If coal advocates want to prove that their favorite fuel can continue to dominate America’s energy future, they’re going to have to work a little harder. Researchers from Duke and Baylor universities have just announced a finding that polluted runoff from coal mines has degraded more than 22 percent of streams in a region of southern West Virgina, with substantial impacts often occurring miles downstream from the area of runoff. It’s just the latest piece of evidence that “clean coal” is exactly the oxymoron that it appears to be.

Coal Mines and Downstream Pollution

While the impact of runoff from both surface and underground coal mines has been well documented in nearby waterways, the effects farther downstream have not been as closely studied.

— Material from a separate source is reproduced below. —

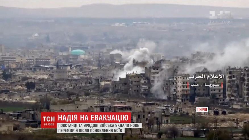 Сирийские проправительственные силы и повстанцы заключили новое перемирие. Предыдущее не продержалось и суток. В Дамаске требовали, чтобы повстанцы и гражданские с Алеппо были эвакуированы одновременно с окружающими поселками, которые до сих пор окружены силами оппозиции. В конце концов бои возобновились, о прекращении огня удалось договориться только вечером. И эвакуация может начаться в ближайшие часы.

To help fill in the blanks, the Duke-Baylor team used NASA images to chart an area in southern West Virginia where 480 miles of streams had been buried during surface mining operations occurred between 1976 and 2005, covering about five percent of the land.

By overlaying that information with an archive of water samples collected during part of that same period, the team found that pollution from the mining operations could have an impact on 1,400 miles of streams in the region, extending far beyond the parts that were buried during valley fills.

All together, though the mining operations covered “only” five percent of the land in the area of study, they accounted for the degradation of 22 percent of the streams in the region, and possibly as much as 32 percent.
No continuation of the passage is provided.